2- The point that individual promoter-level LTF-driven transcription correlates with the intensity of LTF ChIP-Seq peak reads at the promoter, is not properly addressed. Perhaps the author ought to present this point in a stronger manner by providing a table (rather than the link) that directly compares the number of LTF ChIP-Seq reads with TSR strength across the viral genome.

3- Why was depletion of UL87 and UL79 performed at two different time points, 96h versus 72h, respectively?

Reviewer #2: none

Reviewer #3: 1) The authors do not compare TSR usage between the Towne and TB40/E strains. While likely highly similar, this analysis should be included and discuss similarities as well as any differences. This could inform future studies to define mechanistic differences between viral strains.

2) The claim that differential expression of UL1 by the Towne and TB40/E strains is the result of strain-specific nucleotide differences should be further addressed. While there is a correlation with a strong hypothesis, additional evidence (e.g. UL1 promoter reporter plasmids +/- UL79, UL87) would strengthen this claim. Presumably the CHIP-Seq experiments found reduced LTF binding on the UL1 promoter with less activity. While additional experiments would better support the claim, at a minimum this data should be shown.

3) The authors state in the discussion that LTF binding sites identified by CHIP-Seq correlate with LTF-driven transcription. This is an important point, however this analysis is not provided. A genome wide correlation analysis should be included to support this claim.

4) Were UL79 or UL87 associated with host promoters in the CHIP-Seq data? If not, including this point would further strengthen the claim that they do not affect host transcription. If they are associated with host promoters, it would be helpful to discuss what that might mean. In either case, this analysis should be performed, and the results noted in the manuscript.

5) Figure 4 legend states that 4A compares the effect of UL87 and UL79 depletion at 72 hpi. The figure 4 legend also states the same datasets were used as in Figure 3C. The legend for Figure 3C does not note the time after infection for the UL79 and UL867 datasets. However the legend for Figure 3A and 3B states that the data in 3A were from 72 hpi (TB40/E UL79) and data in 3B were from 96 hpi (Towne UL87). The authors should clarify what time points were used for each dataset in each figure.

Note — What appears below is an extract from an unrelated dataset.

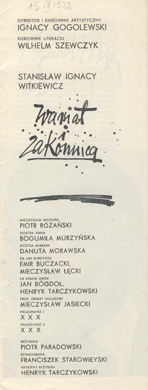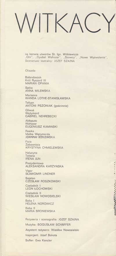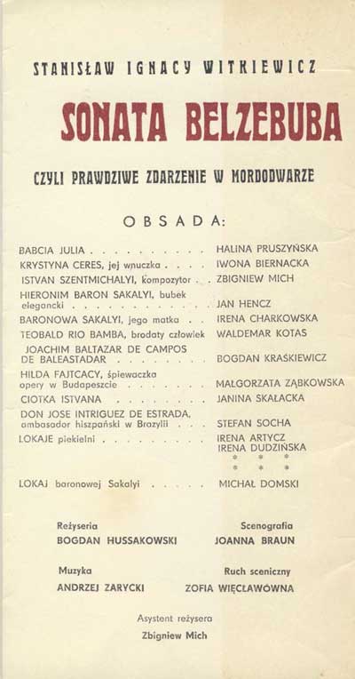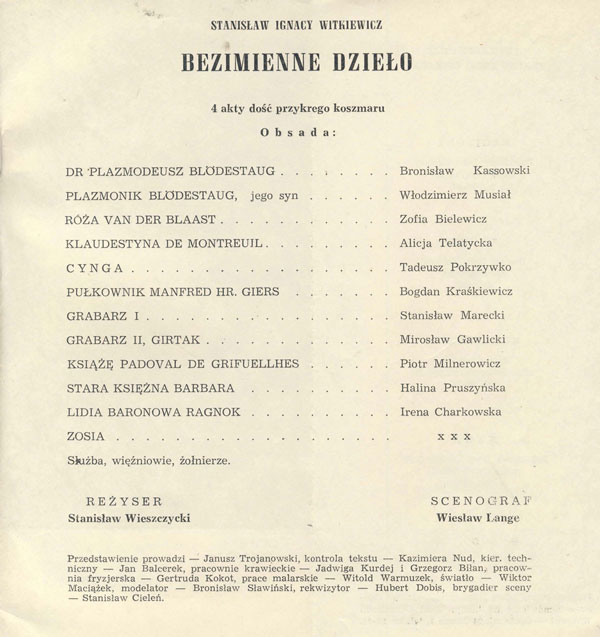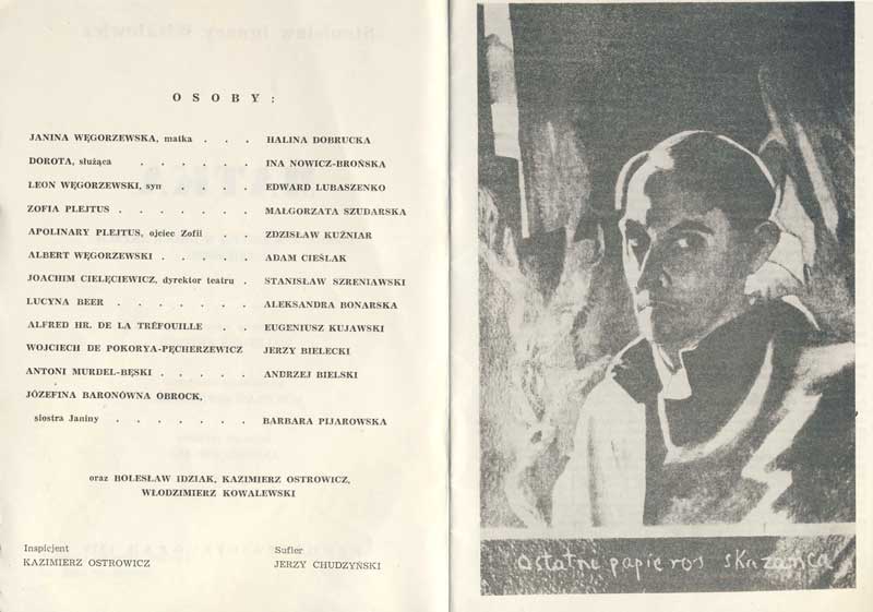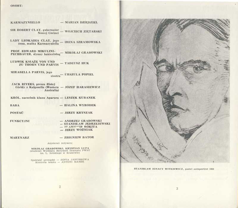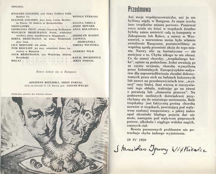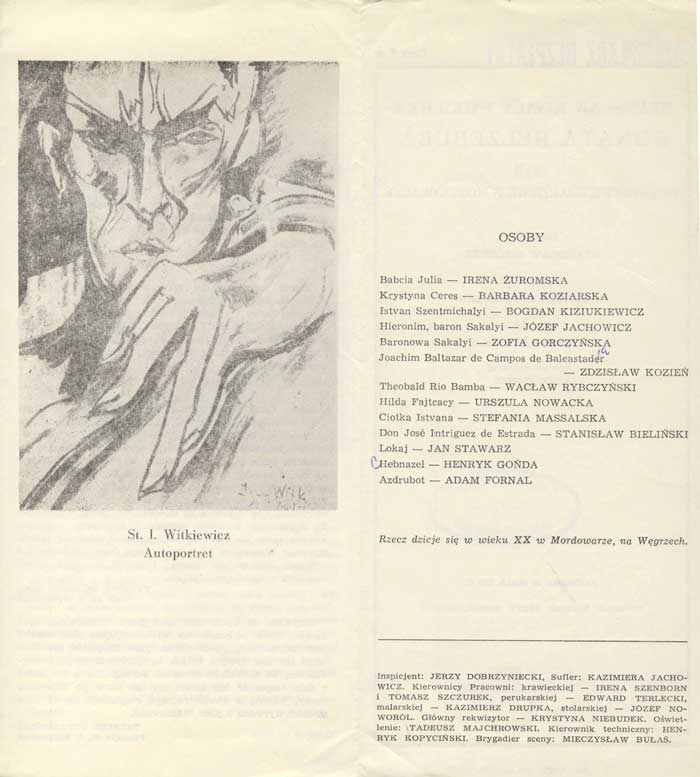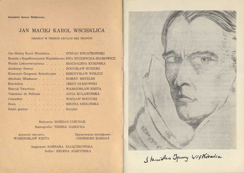 W programie: S. Marczak-Oborski, Stanisław Ignacy Witkiewicz, W. Boratyński, Notatki na marginesie egzemplarza; K. Puzyna, Na przełęczach bezsensu; M. Król, Polska w twórczości S. I. Witkiewicza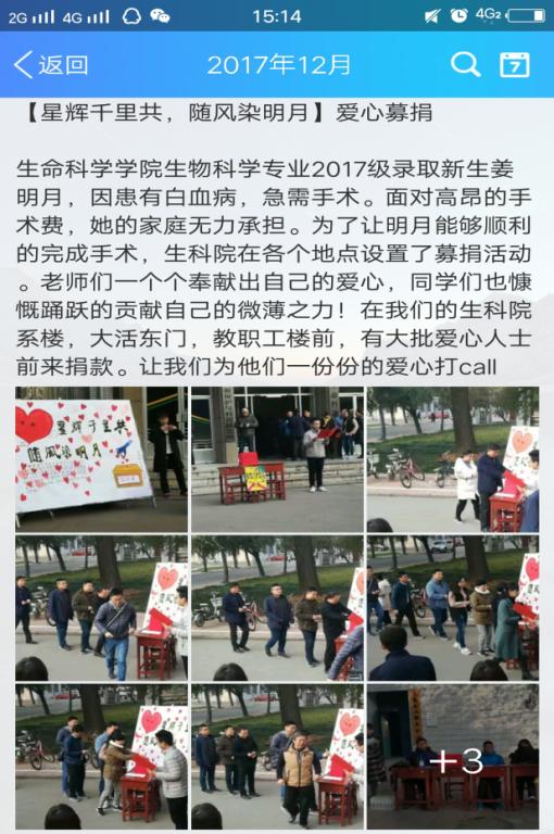 2017级新生姜明月同学的全校范围内的爱心募捐活动已经结束。

6) The above point also raises the question of why Figure 3 uses the 72 hour time point for TB40/E-UL79, while 96 hpi was used for the Towne UL87 infection. Data from the same time point after infection for the two viruses should be used in the analysis in Figure 3, especially since the Figure 4 legend states that this data is available.

7) It would helpful in the discussion for the authors to share their thoughts on why host promoter activity was not altered by UL87 or UL79. Why not? Are there no host promoters that contain UL87 or UL79 responsive motifs? If there are, why don’t they respond? I’m sure others would also like to hear the author’s thoughts on this.

8) Lines 486 to 491 provide a calculation of promoter activity on a given genome. The math used to reach these numbers is unclear as described. This section should be rewritten to note the source of the values provided, and better describe the calculations behind these conclusions.

**********

Part III – Minor Issues: Editorial and Data Presentation Modifications

Please use this section for editorial suggestions as well as relatively minor modifications of existing data that would enhance clarity.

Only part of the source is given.